I became very interested in photography when I was 16. I mean, I always loved looking at pictures but growing up my family never owned a camera (aside from the disposable ones or the super-touristy fully automatic film point-and-shoots that were big in the ‘90s) so making photos – at least the way that I wanted to make them – wasn’t really an option at the time. It wasn’t until I was 16 that my passion for it exploded and went from just enjoying looking at photography to really wanting to be a photographer. It was at that age when there was a turning point where I decided I wanted to give it a shot (pardon the pun) so my parents bought me my first DSLR.
This happened when I discovered the work of a Los Angeles photographer named Chris Weeks.
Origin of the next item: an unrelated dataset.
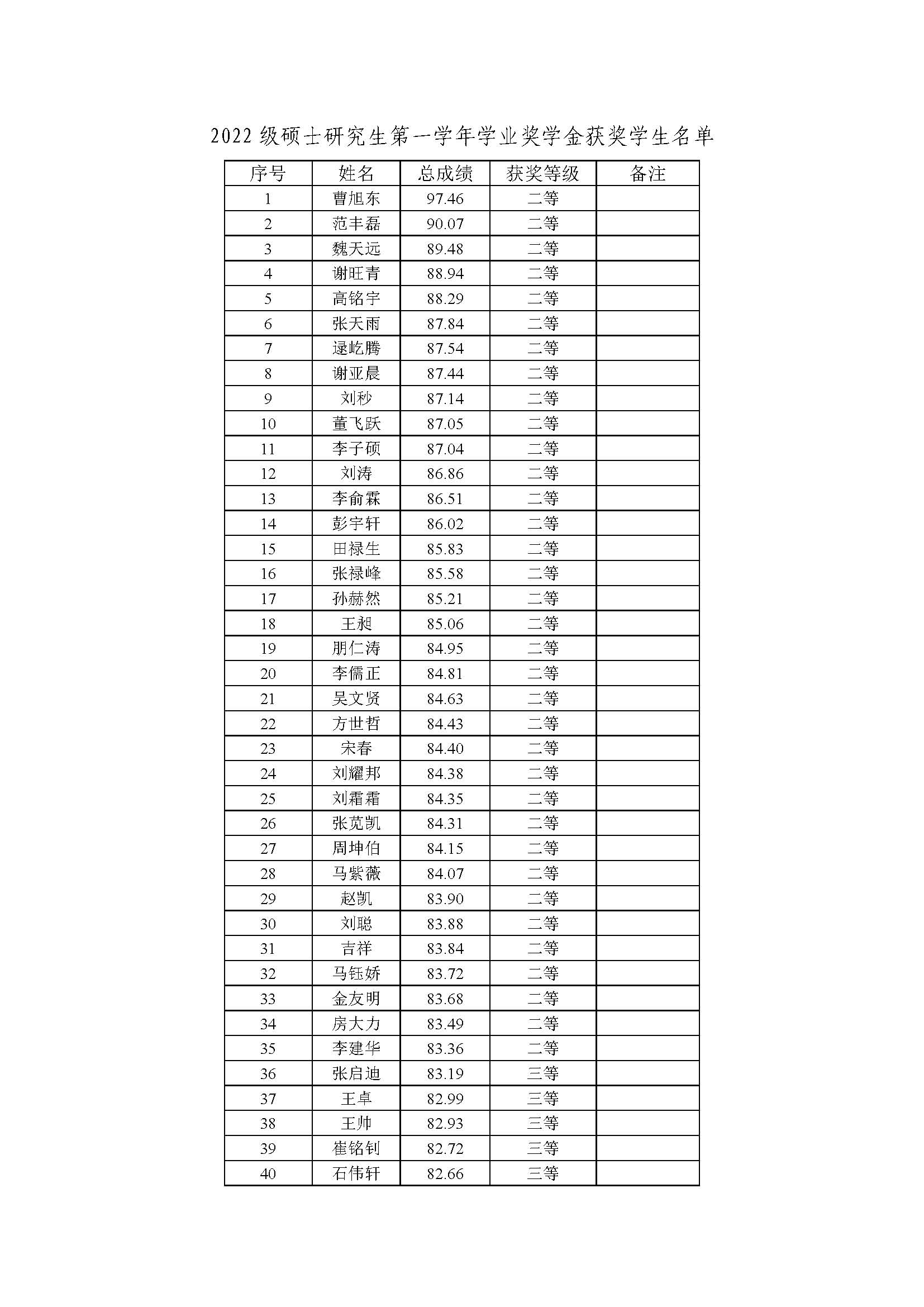 2. 2022級碩士研究生第一學(xué)年學(xué)業(yè)獎學(xué)金獲獎學(xué)生名單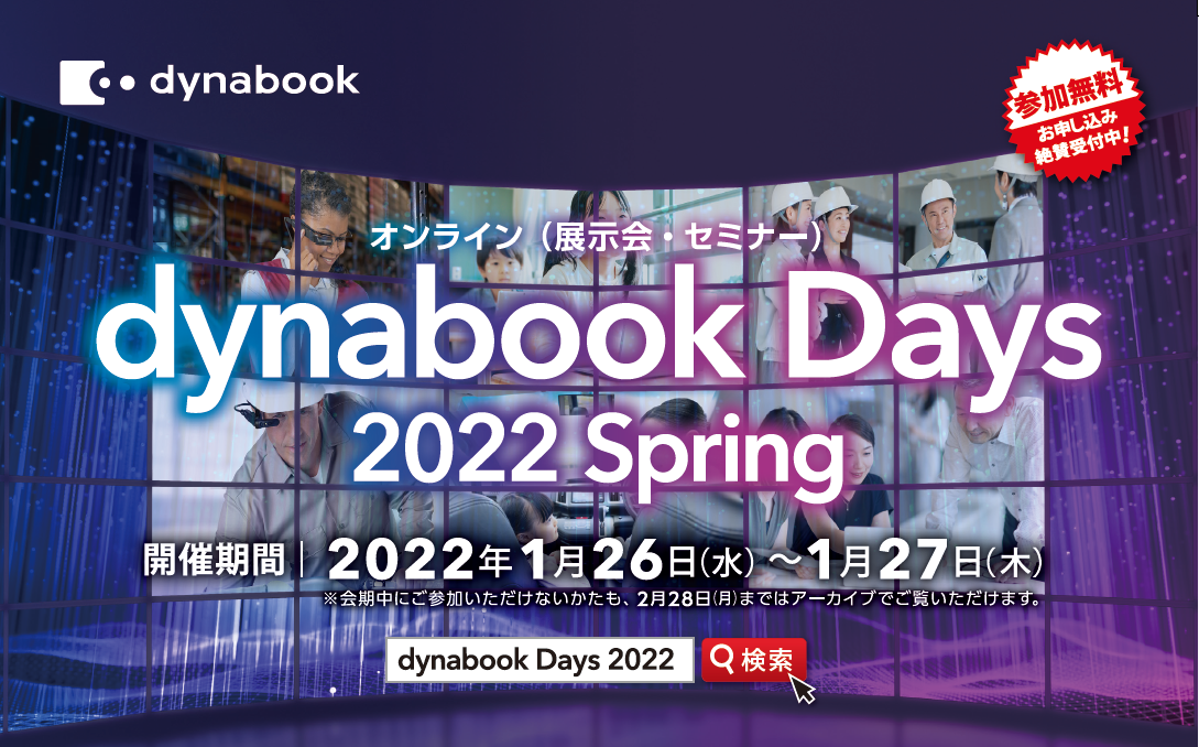 ~デバイスと次世代DXソリューションを提案するオンライン展示・セミナー~『dynabook Days 2022 Spring』オンラインセミナー開催!

At the time I was really into photo manipulation and I had been doing heavy Photoshop work as a hobby since I was 12 or 13 years old. I enjoyed doing things like pixel art and graphic design but my primary joy came from doing what was referred to as “photo manips.” I would use a variety of stock photos – things like faces, textures, industrial looking things that people had in their garage, etc. – and blend all those different images together digitally to create a new, finished image. A lot of my work back then was on the darker side, as were most “photo manips” because that was the style. I was making album covers for American metal bands who found my work online when I was 13 or 14. I was kind of a strange kid in that sense. But that was one of the things I loved to do in my spare time.
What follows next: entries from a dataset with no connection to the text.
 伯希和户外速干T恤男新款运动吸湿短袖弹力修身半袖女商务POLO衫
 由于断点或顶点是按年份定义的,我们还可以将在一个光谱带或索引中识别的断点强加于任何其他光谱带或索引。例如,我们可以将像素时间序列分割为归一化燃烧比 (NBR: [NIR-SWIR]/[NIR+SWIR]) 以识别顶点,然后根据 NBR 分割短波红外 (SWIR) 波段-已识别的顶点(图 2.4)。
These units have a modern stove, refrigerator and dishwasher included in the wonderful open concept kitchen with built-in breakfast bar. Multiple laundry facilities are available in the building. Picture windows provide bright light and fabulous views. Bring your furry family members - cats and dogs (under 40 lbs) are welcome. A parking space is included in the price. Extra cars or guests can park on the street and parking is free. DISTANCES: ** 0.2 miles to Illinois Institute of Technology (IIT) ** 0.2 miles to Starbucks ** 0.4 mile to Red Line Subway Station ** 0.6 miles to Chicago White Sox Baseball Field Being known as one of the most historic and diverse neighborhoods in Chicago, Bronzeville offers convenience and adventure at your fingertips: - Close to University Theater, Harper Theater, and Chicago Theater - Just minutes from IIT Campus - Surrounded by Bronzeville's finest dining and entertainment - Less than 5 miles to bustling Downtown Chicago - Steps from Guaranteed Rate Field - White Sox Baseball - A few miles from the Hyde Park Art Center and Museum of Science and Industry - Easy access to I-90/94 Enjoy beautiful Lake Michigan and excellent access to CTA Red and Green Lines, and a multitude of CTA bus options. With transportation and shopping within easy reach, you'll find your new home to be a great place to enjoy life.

So how does this come back to photography? Well, I was a member of an online art community called deviantART where I posted my photo manips. This is also where I found Chris’s work. I don’t remember exactly how I came across him since I was mostly browsing the photography categories to look for stock images. Anyways, he was a photographer that was the real deal – shooting all the big stars and rep’d by an agency – but he also shared a lot of his photography on this community – both personal and commercial – and wrote blogs about the industry, his experiences, gear, etc., and I was totally hooked from the day I stumbled on his page. I was literally reading his blogs and looking at his photos every day and that’s really what made me look at photography in a different light. It made me see it not only as something I really wanted to do out of passion and love for what type of images you can make but also as something that a person can make a living with. At the time I never would have thought it was possible to make money off of something like photography. Chris really opened my eyes to a lot of things and in turn opened a lot of doors for me. I’m always grateful for finding his work there and I consider him my most significant mentor. We actually became friends and he has constantly given me advice and support. It really amazes me when I think back to it. The Internet can be a very useful tool for photographers if used properly.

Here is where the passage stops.